Public Member Functions

 parquet_writer_options ()=default
 Default constructor. More...
 
table_view get_table () const
 Returns table_view. More...
 
std::vector< partition_info > const & get_partitions () const
 Returns partitions. More...
 
std::vector< std::string > const & get_column_chunks_file_paths () const
 Returns Column chunks file paths to be set in the raw output metadata. More...
 
void set_partitions (std::vector< partition_info > partitions)
 Sets partitions. More...
 
void set_column_chunks_file_paths (std::vector< std::string > file_paths)
 Sets column chunks file path to be set in the raw output metadata. More...
 
- Public Member Functions inherited from cudf::io::parquet_writer_options_base
 parquet_writer_options_base ()=default
 Default constructor. More...
 
sink_info const & get_sink () const
 Returns sink info. More...
 
compression_type get_compression () const
 Returns compression format used. More...
 
statistics_freq get_stats_level () const
 Returns level of statistics requested in output file. More...
 
auto const & get_metadata () const
 Returns associated metadata. More...
 
std::vector< std::map< std::string, std::string > > const & get_key_value_metadata () const
 Returns Key-Value footer metadata information. More...
 
bool is_enabled_int96_timestamps () const
 Returns true if timestamps will be written as INT96. More...
 
auto is_enabled_utc_timestamps () const
 Returns true if timestamps will be written as UTC. More...
 
auto is_enabled_write_arrow_schema () const
 Returns true if arrow schema will be written.
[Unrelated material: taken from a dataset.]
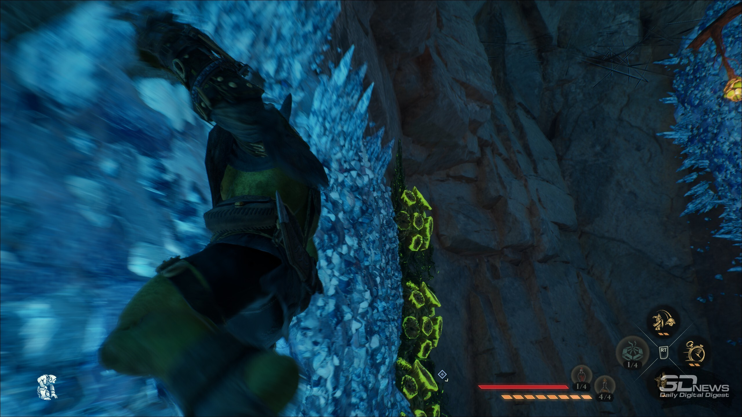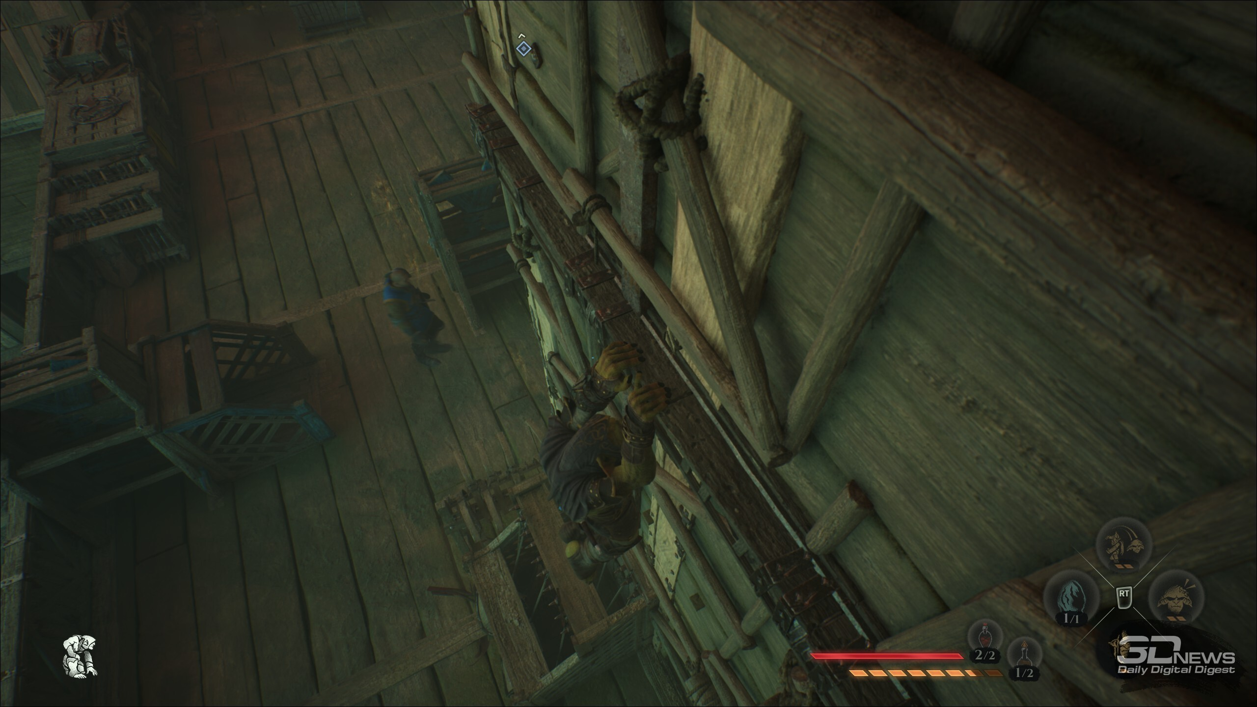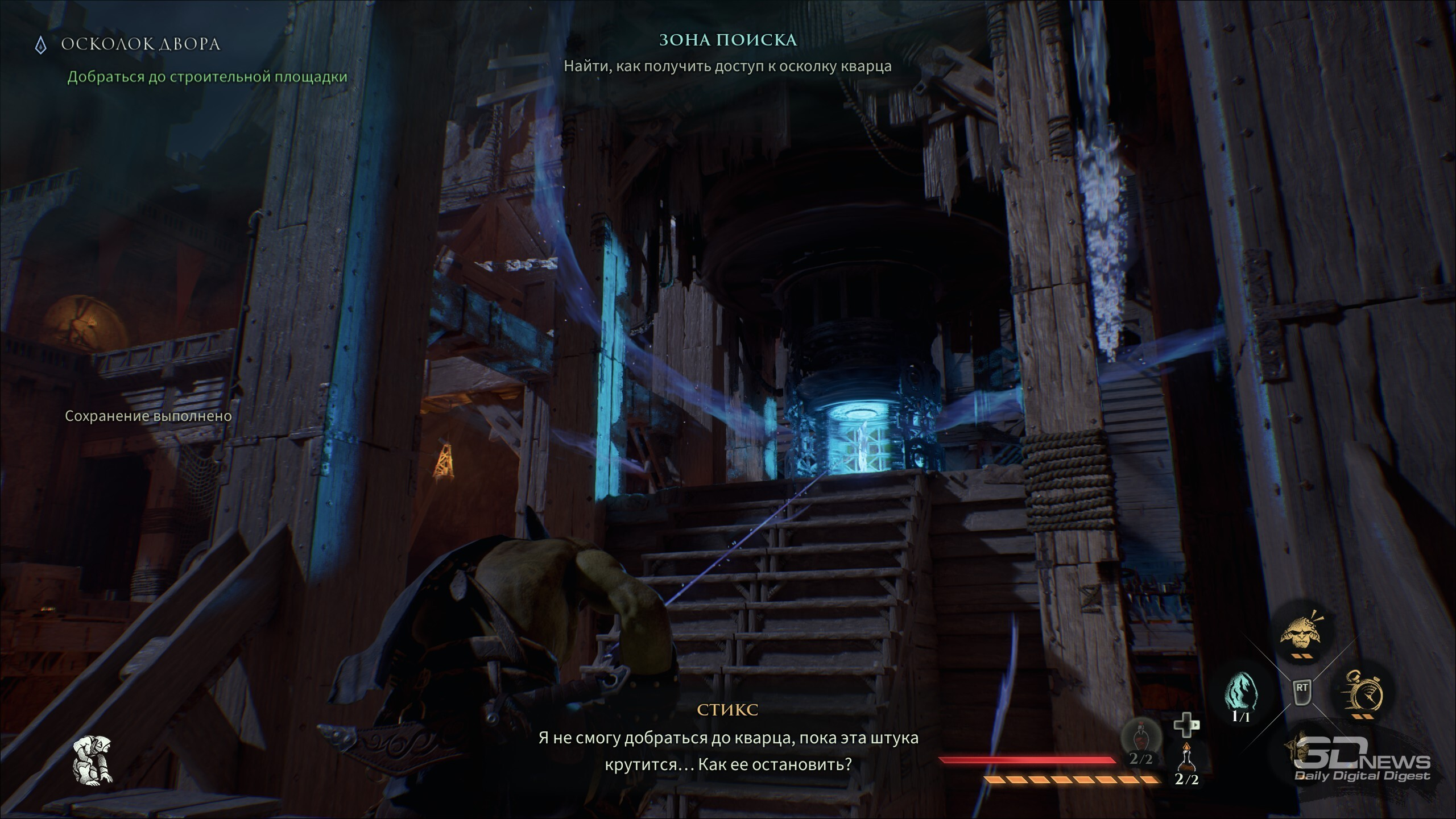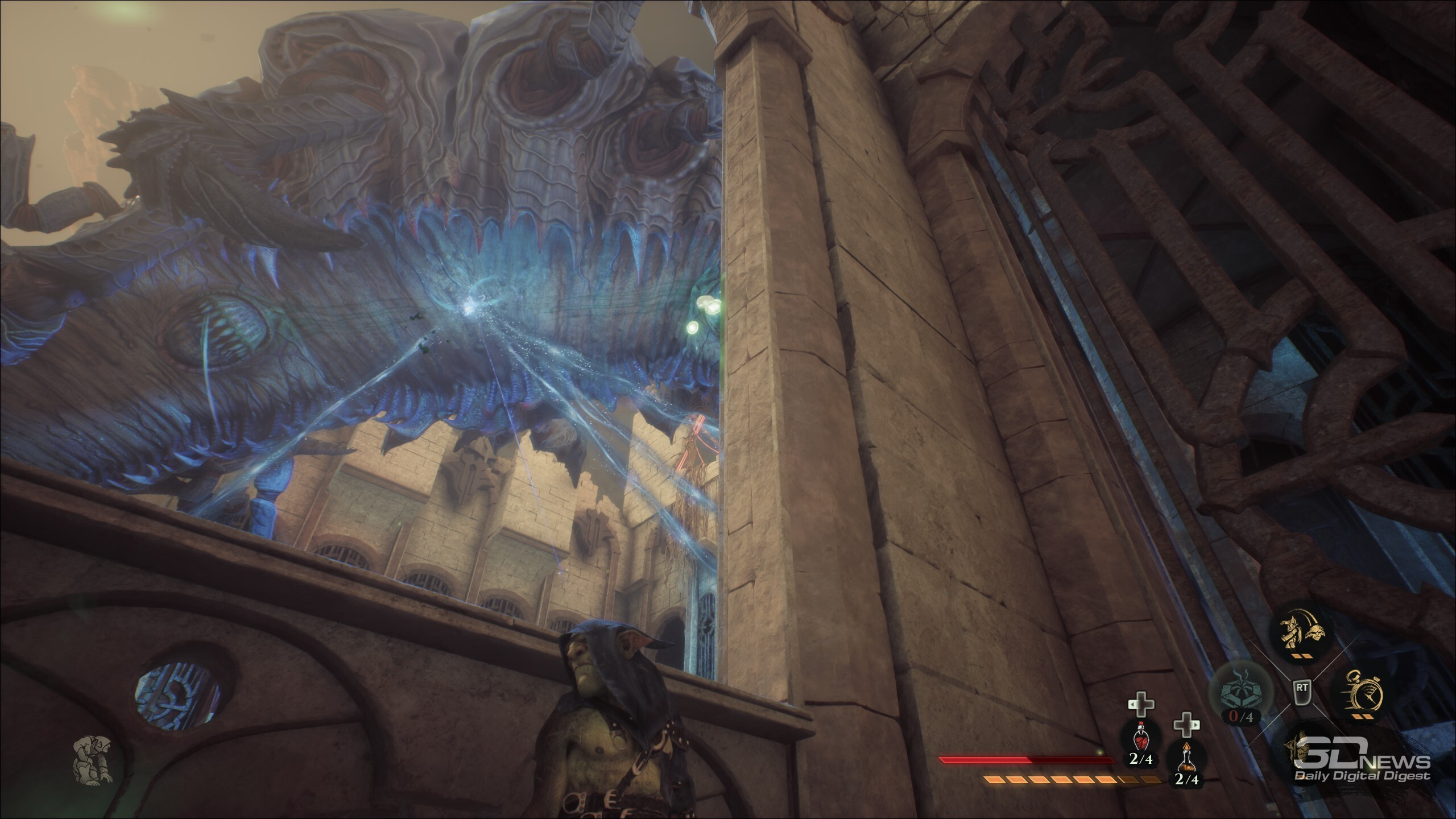 Девять лет назад я закончил рецензию на вторую часть Styx словами: «Shards of Darkness — шаг в правильном направлении как с точки зрения истории, так и в геймплее. Надеемся, авторы не остановятся на достигнутом». Но время шло, и за годы я уже смирился с тем, что история так и не получит продолжения. И вдруг Cyanide внезапно объявила, что триквелу быть! Само собой, я ждал Blades of Greed. Но когда игра была пройдена, а по экрану поползли титры, я испытал противоречивые чувства. Студия действительно попыталась толкнуть серию вперед. Кто же знал, что впереди окажется яма. ⇡#Не камни, а кварц!Blades of Greed начинается с той же сцены, которой заканчивается Shards of Darkness. Наш герой Стикс и темный эльф Джарек решили подраться после победы над каменным титаном. Но даже если вы знакомы с серией, сразу вспомнить, что к чему, будет очень сложно. Пришлось поставить игру на паузу и поискать ролик с пересказом прошлых событий. Вступление третьей части очень хочет казаться высокобюджетным. Выяснилось, что голем вовсе не повержен. Отложив личные разборки, Стикс забирается по колоссу, словно Кратос из God of War 3. Залезает внутрь и уничтожает сердце, а затем убегает, пока каменное чудище не стало его могилой. Звучит захватывающе, но на деле пробежка по серому коридору под аккомпанемент дешевых эффектов — не самая увлекательная сцена. К счастью, она не задает тон всей игре. Конфликт, заложенный в последней сцене сиквела, исчерпывает себя в первые полчаса. Но вместо того, чтобы рассказать новую историю, Blades of Greed почти весь свой хронометраж топчется на месте. Стикс, коснувшись драгоценного кварца, получает странную силу. Что неожиданно, ведь все прочие существа при контакте с магическим минералом погибают. Гоблин справедливо решает, что чем больше кварца собрать, тем круче он станет… поэтому мы всю игру и будем носиться за камушками. Да, формально по ходу дела мы встретимся с разными персонажами и столкнемся с некой сущностью, называющей себя Флакс (она возникает при контакте с каждым новым кусочком кварца). История добавляет несколько крох к мифологии Акенаша и даже касается тайны прошлого гоблина. Но глобально сюжет вопиюще пуст. И никакие подмигивания для фанатов, вроде убежища из первой части, ситуацию не исправят. Режиссура тоже сделала шаг назад. Ролики поставлены слабее, чем в сиквеле. Настолько, что даже скучаешь по комиксам из оригинальной Master of Shadows. Общая низкобюджетность чувствуется даже в озвучке. Диалоги краткие и скучные, а голоса буквально делятся на Стикса и всех остальных — здоровенные мускулистые орки говорят ровно теми же стерильными голосами, что и тщедушные стражники-люди. ⇡#Гоблинский патрульСложно не испытывать разочарования. Ведь Shards of Darkness вышла всего спустя три года после первой части, но сделала приличный шаг вперед по всем фронтам. А триквел, который появился спустя еще девять лет, не смог даже удержать ранее заданную планку. Но все же главным плюсом серии всегда был игровой процесс. После проходного вступления Стикс попадает в Город-на-Стене, и тут Blades of Greed начинает показывать свои сильные стороны. Прошлые выпуски славились продуманным дизайном уровней со множеством путей, как очевидных, так и неприметных. Триквел предлагает еще более замысловатую архитектуру. На смену череде отдельных миссий пришли просторные локации, на которых расставлены сюжетные и по

More...
 
auto get_row_group_size_bytes () const
 Returns maximum row group size, in bytes. More...
 
auto get_row_group_size_rows () const
 Returns maximum row group size, in rows. More...
 
auto get_max_page_size_bytes () const
 Returns the maximum uncompressed page size, in bytes. More...
 
auto get_max_page_size_rows () const
 Returns maximum page size, in rows. More...
 
auto get_column_index_truncate_length () const
 Returns maximum length of min or max values in column index, in bytes. More...
 
dictionary_policy get_dictionary_policy () const
 Returns policy for dictionary use. More...
 
auto get_max_dictionary_size () const
 Returns maximum dictionary size, in bytes. More...
 
auto get_max_page_fragment_size () const
 Returns maximum page fragment size, in rows. More...
 
std::shared_ptr< writer_compression_statisticsget_compression_statistics () const
 Returns a shared pointer to the user-provided compression statistics. More...
 
auto is_enabled_write_v2_headers () const
 Returns true if V2 page headers should be written. More...
 
auto const & get_sorting_columns () const
 Returns the sorting_columns. More...
 
void set_metadata (table_input_metadata metadata)
 Sets metadata. More...
 
void set_key_value_metadata (std::vector< std::map< std::string, std::string >> metadata)
 Sets metadata. More...
 
void set_stats_level (statistics_freq sf)
 Sets the level of statistics. More...
 
void set_compression (compression_type compression)
 Sets compression type. More...
 
void enable_int96_timestamps (bool req)
 Sets timestamp writing preferences. INT96 timestamps will be written if true and TIMESTAMP_MICROS will be written if false. More...
 
void enable_utc_timestamps (bool val)
 Sets preference for writing timestamps as UTC. Write timestamps as UTC if set to true. More...
 
void enable_write_arrow_schema (bool val)
 Sets preference for writing arrow schema. Write arrow schema if set to true. More...
 
void set_row_group_size_bytes (size_t size_bytes)
 Sets the maximum row group size, in bytes. More...
 
void set_row_group_size_rows (size_type size_rows)
 Sets the maximum row group size, in rows. More...
 
void set_max_page_size_bytes (size_t size_bytes)
 Sets the maximum uncompressed page size, in bytes. More...
 
void set_max_page_size_rows (size_type size_rows)
 Sets the maximum page size, in rows. More...
 
void set_column_index_truncate_length (int32_t size_bytes)
 Sets the maximum length of min or max values in column index, in bytes. More...
 
void set_dictionary_policy (dictionary_policy policy)
 Sets the policy for dictionary use. More...
 
void set_max_dictionary_size (size_t size_bytes)
 Sets the maximum dictionary size, in bytes. More...
 
void set_max_page_fragment_size (size_type size_rows)
 Sets the maximum page fragment size, in rows. More...
 
void set_compression_statistics (std::shared_ptr< writer_compression_statistics > comp_stats)
 Sets the pointer to the output compression statistics. More...
 
void enable_write_v2_headers (bool val)
 Sets preference for V2 page headers. Write V2 page headers if set to true. More...
 
void set_sorting_columns (std::vector< sorting_column > sorting_columns)
 Sets sorting columns. More...
 

Static Public Member Functions

static parquet_writer_options_builder builder (sink_info const &sink, table_view const &table)
 Create builder to create parquet_writer_options. More...
 
static parquet_writer_options_builder builder ()
 Create builder to create parquet_writer_options. More...
 

Additional Inherited Members

- Protected Member Functions inherited from cudf::io::parquet_writer_options_base
 parquet_writer_options_base (sink_info sink)
 Constructor from sink. More...
 

Detailed Description

Settings for write_parquet().

Definition at line 1187 of file parquet.hpp.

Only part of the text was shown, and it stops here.